# [Collected data]
==========

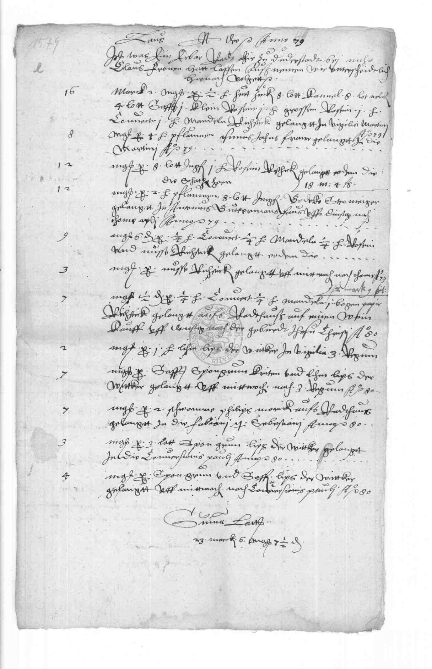 | Regest: | Rechnungen des Klaus Frone über Lieferungen aufs Rathaus, an die Schule, in Philipp Bonsacks Haus etc., desgl. 1579 und 1580. 1579 Rechnung des Klaus Frone über den auf der Frankfurter Herbstmesse von Bastian Schlecht aus Straßburg gekauften Branntwein, Ingwer, Saffran und Zinnbecken. (die letzteren auf dem Michaelismarkte zu Leipzig gekauft). Alles zusammen kostete 312 rt 1 fgr. 4 1/2 fd |
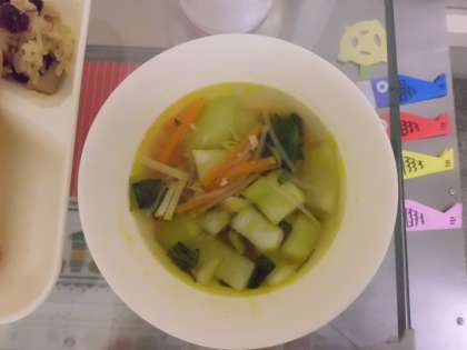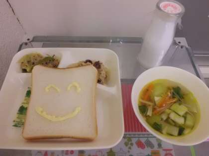 5月18日(木)の給食は金時豆の中華おこわ、中華スープ、ツナと野菜のオイスターいため、パン、牛乳です。
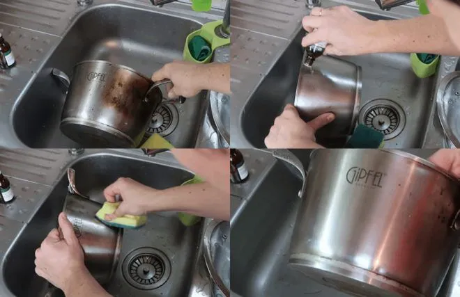 Забруднення зникають на очах! Реально працює на нержавійці без особливих зусиль.

==========

# [Assignment]
All lines from the one containing "5月18日(木)の給食は金時" through the end of the data are to be written out exactly, with nothing added; skip the pictures.

# [Exercise response]
 5月18日(木)の給食は金時豆の中華おこわ、中華スープ、ツナと野菜のオイスターいため、パン、牛乳です。
 Забруднення зникають на очах! Реально працює на нержавійці без особливих зусиль.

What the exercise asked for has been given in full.